By the time Jonathon realized something was wrong, his money was long gone. While it might be possible to trace the people who carried out the money laundering, it is virtually impossible to get Jonathon’s money back – and in his country, Jonathon is liable for the loss, not the DFS provider. It would have been better if the service had been better secured in the first place. As detailed in the slide deck below, there are some simple measures that providers and policy makers can adopt to protect other mobile financial services users from cyberattacks.
This is a very important post! Thanks for this perspective, Paul.
I work in Myanmar, where most people are coming online for the first time. DFS is in its earliest days here, but it's growing rapidly. Quite frankly, the DFS providers aren't doing enough to prepare clients for the literacy required to transition into a digital world, especially on issues of personal security like PINs and Password protections. The social enterprise I lead is launching a campaign this week that uses a combination of entertaining animated shorts to reduce customer suspicion of DFS products, a heuristics-style e-training to build understanding of e-wallet security and use cases, and calls to action linking them to DFServices. But all of this is undermined if the providers haven't done their part in securing their systems! Can you comment on what the reality is on the ground in Myanmar DFS? What about the security of smart phone-based mobile money transactions relative to USSD?
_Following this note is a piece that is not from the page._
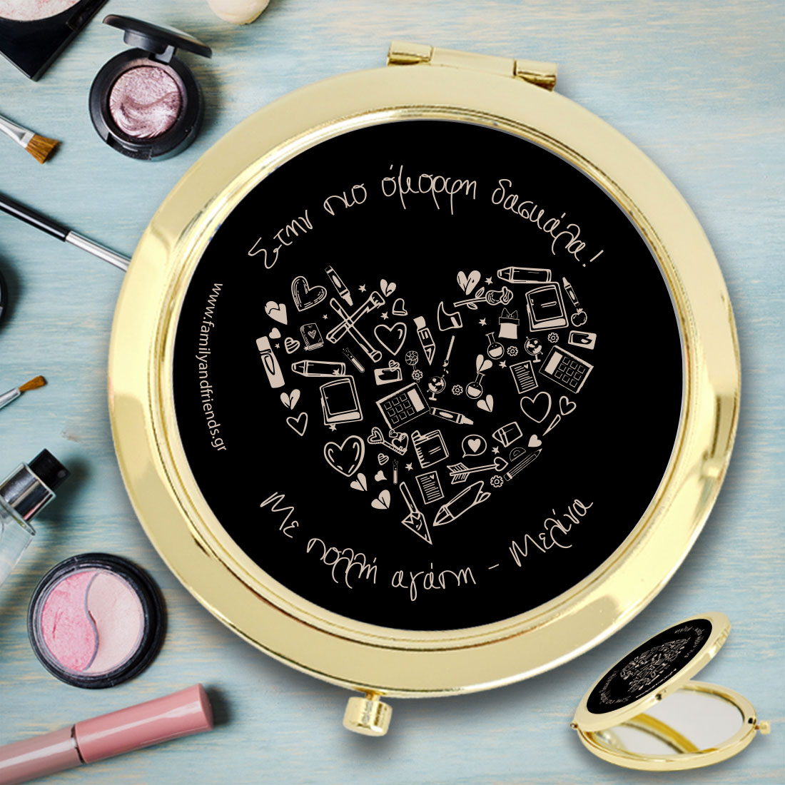 Στο familyandfriends.gr θα βρείτε μοναδικά προσωποποιημένα δώρα γενεθλίων και δώρα γιορτών προσωποποιημένα για ανδρες και γυναίκες. Η Δασκάλα, η Καθηγήτρια είναι ένα ξεχωριστό πρόσωπο στην καθημερινότητα και την ζωή του καθε παιδιού που πηγαίνει σε οποιαδήποτε βαθμίδα της σχολικής εκπαίδευσης. Το Προσωποποιημένο δώρο, Καθρεφτάκι Τσάνταs για δασκάλες, με Ονόματα, για Δασκάλες, Καθηγήτριες με Μήνυμα, Ονόματα για Δάσκαλους, Καθηγητές Μαθηματικών, για Δασκάλα, Δάσκαλο, για Δάσκαλες, δασκαλους, είναι το δώρο που θα την ενθουσιάσει, και θα το κρατήσει σαν αναμνηστικό της σχολικής χρονιάς για πάντα.

The tech based service delivery mode i.e mobile is smart but how to make the users in the informal sector more smarter than the device? Technology intrusion is too fast to facilitate more to the criminals than to get accustomed in the poverty sector
Thanks for the great and detailed post and deck - one of the clearest and most comprehensive I've seen. You describe some of the controls that are possible to deal with both the risks of feature-phone and smart-phone based apps. I think there is a lot more that both operators and DFS providers can do regarding the risks associated with SIM Swaps (For example, would it be wise to put a temporary hold on mobile money transactions for a period after a SIM Swap? Or to introduce extra verification for SIM Swaps for accounts with high DFS balances?).
For smart phones, there is an additional risk of fake apps that may intercept or impersonate a DFS transaction. This is a proven vector in mobile banking, and is surely due to migrate to the DFS space soon.